Directions
Below are some records; quote exactly the lines from the one that contains "Tern「HSD P9」(2" through the one that contains "Клей Levma - Levma", inclusive, and no others.

Record set
--- --- ---

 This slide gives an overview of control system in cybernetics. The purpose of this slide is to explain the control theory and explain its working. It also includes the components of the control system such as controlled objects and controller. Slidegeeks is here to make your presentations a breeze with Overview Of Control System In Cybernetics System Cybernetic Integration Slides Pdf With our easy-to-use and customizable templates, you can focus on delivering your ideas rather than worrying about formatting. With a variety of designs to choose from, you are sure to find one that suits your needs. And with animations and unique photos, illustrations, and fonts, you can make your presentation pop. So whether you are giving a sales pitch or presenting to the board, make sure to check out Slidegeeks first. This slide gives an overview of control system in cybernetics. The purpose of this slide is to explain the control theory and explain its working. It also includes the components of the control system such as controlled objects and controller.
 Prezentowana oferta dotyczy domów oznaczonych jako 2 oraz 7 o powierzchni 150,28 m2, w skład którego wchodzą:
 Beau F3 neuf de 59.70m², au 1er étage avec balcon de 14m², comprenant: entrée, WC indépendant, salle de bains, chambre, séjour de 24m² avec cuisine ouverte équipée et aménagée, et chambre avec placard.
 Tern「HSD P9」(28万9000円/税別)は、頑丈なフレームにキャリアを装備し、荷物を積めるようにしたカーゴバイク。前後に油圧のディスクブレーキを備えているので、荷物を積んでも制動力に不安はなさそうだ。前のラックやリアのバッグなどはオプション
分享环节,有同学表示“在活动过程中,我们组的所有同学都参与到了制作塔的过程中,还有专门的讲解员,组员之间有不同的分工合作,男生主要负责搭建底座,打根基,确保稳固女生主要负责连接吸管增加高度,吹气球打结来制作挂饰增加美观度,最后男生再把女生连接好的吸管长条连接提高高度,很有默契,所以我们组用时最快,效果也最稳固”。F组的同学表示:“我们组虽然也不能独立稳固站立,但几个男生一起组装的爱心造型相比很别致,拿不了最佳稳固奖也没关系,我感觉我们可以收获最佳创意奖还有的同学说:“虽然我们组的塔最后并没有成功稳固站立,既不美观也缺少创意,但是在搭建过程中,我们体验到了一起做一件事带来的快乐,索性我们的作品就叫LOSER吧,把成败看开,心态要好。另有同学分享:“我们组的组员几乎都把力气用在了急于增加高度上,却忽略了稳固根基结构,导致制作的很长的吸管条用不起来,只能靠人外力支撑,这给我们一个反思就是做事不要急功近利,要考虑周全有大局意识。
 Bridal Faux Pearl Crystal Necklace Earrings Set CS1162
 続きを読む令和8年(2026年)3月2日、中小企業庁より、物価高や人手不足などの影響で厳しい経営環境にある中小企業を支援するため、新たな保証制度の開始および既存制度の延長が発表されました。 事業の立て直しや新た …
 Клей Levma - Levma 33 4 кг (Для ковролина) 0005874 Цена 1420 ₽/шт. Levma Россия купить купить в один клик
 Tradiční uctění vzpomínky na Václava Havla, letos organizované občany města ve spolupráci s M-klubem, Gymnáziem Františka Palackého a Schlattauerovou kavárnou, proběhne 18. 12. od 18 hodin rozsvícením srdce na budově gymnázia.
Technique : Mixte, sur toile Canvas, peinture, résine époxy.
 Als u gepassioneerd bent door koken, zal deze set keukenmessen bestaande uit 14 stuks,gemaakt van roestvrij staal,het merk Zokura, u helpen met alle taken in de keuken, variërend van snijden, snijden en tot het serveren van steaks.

--- --- ---

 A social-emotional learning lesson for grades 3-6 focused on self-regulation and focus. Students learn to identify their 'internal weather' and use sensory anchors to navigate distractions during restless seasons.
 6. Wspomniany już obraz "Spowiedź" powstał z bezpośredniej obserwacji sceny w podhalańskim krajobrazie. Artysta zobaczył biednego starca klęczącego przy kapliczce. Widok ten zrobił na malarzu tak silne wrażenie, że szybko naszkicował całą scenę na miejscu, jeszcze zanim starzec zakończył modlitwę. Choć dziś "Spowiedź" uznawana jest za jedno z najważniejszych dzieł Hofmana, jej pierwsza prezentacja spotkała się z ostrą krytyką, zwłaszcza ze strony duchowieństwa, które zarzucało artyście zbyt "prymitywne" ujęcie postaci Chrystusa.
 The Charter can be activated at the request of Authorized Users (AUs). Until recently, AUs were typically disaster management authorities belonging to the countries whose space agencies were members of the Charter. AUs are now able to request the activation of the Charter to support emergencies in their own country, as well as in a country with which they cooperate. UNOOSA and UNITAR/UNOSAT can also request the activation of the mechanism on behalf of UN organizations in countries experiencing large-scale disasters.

--- --- ---

Answer area
 Tern「HSD P9」(28万9000円/税別)は、頑丈なフレームにキャリアを装備し、荷物を積めるようにしたカーゴバイク。前後に油圧のディスクブレーキを備えているので、荷物を積んでも制動力に不安はなさそうだ。前のラックやリアのバッグなどはオプション
分享环节,有同学表示“在活动过程中,我们组的所有同学都参与到了制作塔的过程中,还有专门的讲解员,组员之间有不同的分工合作,男生主要负责搭建底座,打根基,确保稳固女生主要负责连接吸管增加高度,吹气球打结来制作挂饰增加美观度,最后男生再把女生连接好的吸管长条连接提高高度,很有默契,所以我们组用时最快,效果也最稳固”。F组的同学表示:“我们组虽然也不能独立稳固站立,但几个男生一起组装的爱心造型相比很别致,拿不了最佳稳固奖也没关系,我感觉我们可以收获最佳创意奖还有的同学说:“虽然我们组的塔最后并没有成功稳固站立,既不美观也缺少创意,但是在搭建过程中,我们体验到了一起做一件事带来的快乐,索性我们的作品就叫LOSER吧,把成败看开,心态要好。另有同学分享:“我们组的组员几乎都把力气用在了急于增加高度上,却忽略了稳固根基结构,导致制作的很长的吸管条用不起来,只能靠人外力支撑,这给我们一个反思就是做事不要急功近利,要考虑周全有大局意识。
 Bridal Faux Pearl Crystal Necklace Earrings Set CS1162
 続きを読む令和8年(2026年)3月2日、中小企業庁より、物価高や人手不足などの影響で厳しい経営環境にある中小企業を支援するため、新たな保証制度の開始および既存制度の延長が発表されました。 事業の立て直しや新た …
 Клей Levma - Levma 33 4 кг (Для ковролина) 0005874 Цена 1420 ₽/шт. Levma Россия купить купить в один клик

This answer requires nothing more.